Storms brewing over Church architecture in Italy


Cardinal Ravasi and "superstar" architect Paolo Portoghesi have laid in to the architectural style of some of the Churches that have recently been built in Italy. Sandro Magister reports today on articles written L'Osservatore Romano: New Churches. The Vatican Flunks the Italian Bishops

Cardinal Ravasi attacked the kind of modern Churches
[...] in which we find ourselves lost as in a conference hall, distracted as in a sports arena, packed in as at a tennis court, degraded as in a pretentious and vulgar house.
Paolo Portoghesi mentioned specifically the three Churches that had won the Italian Bishops' Conference national architectural contest in 2000: those built in Foligno by Massimiliano Fuksas (above), in Catanzaro by Alessandro Pizzolato, and in Modena by Mauro Galantino (below).

e non mi abbandonare mai
Photo credit: Antonio Trogu 


Magister's piece concludes with another article published in L'Osservatore, this time by Fr Timothy Verdon, an art historian from the US. Fr Verdon writes on "Basilica and Circle.
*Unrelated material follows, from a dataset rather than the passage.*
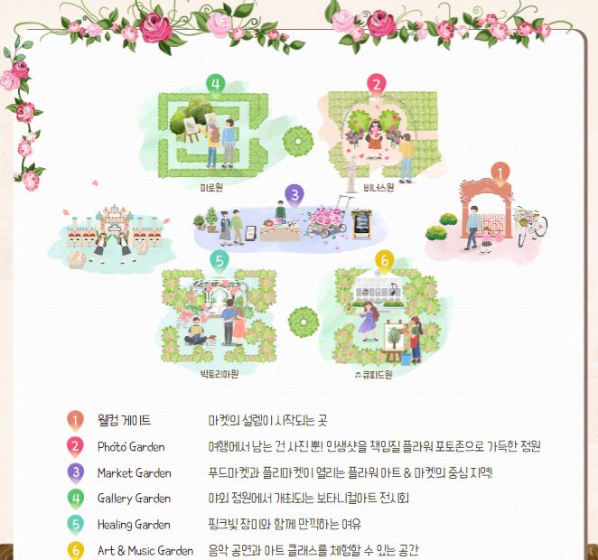 국내 최고의 품질 720품종, 300만 송이의 장미! 장미전문가 '로자리안'들이 1년 간의 정성과 기술로 가꾼 고품격 장미 정원을 즐겨보시면 좋을것 같습니다.

The Tradition of the Great Churches of Rome." His analysis is very far from emphasising the idea of the people all being gathered round in a circle; he focusses instead on the well of light at the heart of the building and the centrality of Christ.

It is a relief to hear that there is some opposition to the ludicrously brutalist nonsense that seems to be popping up at great expense all over Italy when it would be possible to build Churches instead.